Comment #18 by pearl fanch on 2013 11 12

Let's just pretend for a second, that these polls are accurate (ha ha). If all of these politicians have low ratings with the voters, then they won't get re-elected.
Soooooooo, when they DO get re-elected, the only possible reason would be because of voter fraud and corruption in the vote counting process.
WHY AREN'T YOU SPENDING EVERY AVAILABLE MOMENT DOING SOMETHING POSITIVE, AND BUST OPEN THIS STORY!!!!!!!!!!!!!!!!!!!!!!!!!!!

Comment #19 by pearl fanch on 2013 11 12

Just got back from vacation and am playing CATCH-UP!

You have gotten to be kidding me with this survey.....who paid off the outfit doing the survey?

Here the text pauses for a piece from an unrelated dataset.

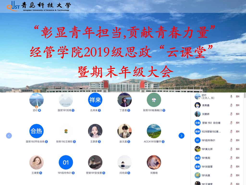 为引导员工在疫情下主动学习、主动思考、主动实践,汲取成长的青春“正能量”,以及统筹抓好常态化疫情防控和期末诚信考试教育工作,7月6日至7日,熊猫体育2019级分专业召开“彰显青年担当,贡献青春力量”思政“云”课堂暨期末年级大会。会议通过腾讯会议平台召开,由19级辅导员孙一君、初桂民、于潇华主持,19级全体员工参加。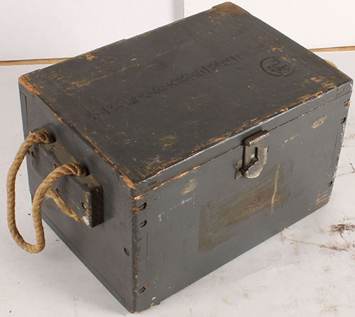 Japanese, Ammo crate, empty, has Japanese marking on the top, gray paint. Grade: Very Good ++ - Value: 10 to 40

Angel (I choke every ntime I try to connect that name with what an Angel is supposed to be....that Mr.Tavare IS MOT. I would not trust this man as far as I could throw him!

As to Jim D's comment: "Projo now blocks comments and people they don't like so the threads over there are for the most part one sided and useless." - - - Oh so true....I also see me deleted like never, ever, before as they do not like my comments and outspokeness!

LASTLY.....With the posible exception of Gina....are you telling me that the rest of these clowns are our most popular politicians???

God help us as that also probably means that the Democrats in this State that have their heads you know where, and are absolutely cluless, are also, very parobably elect these Bozo's (except for the Gump, as he saw the writing on the wall) again?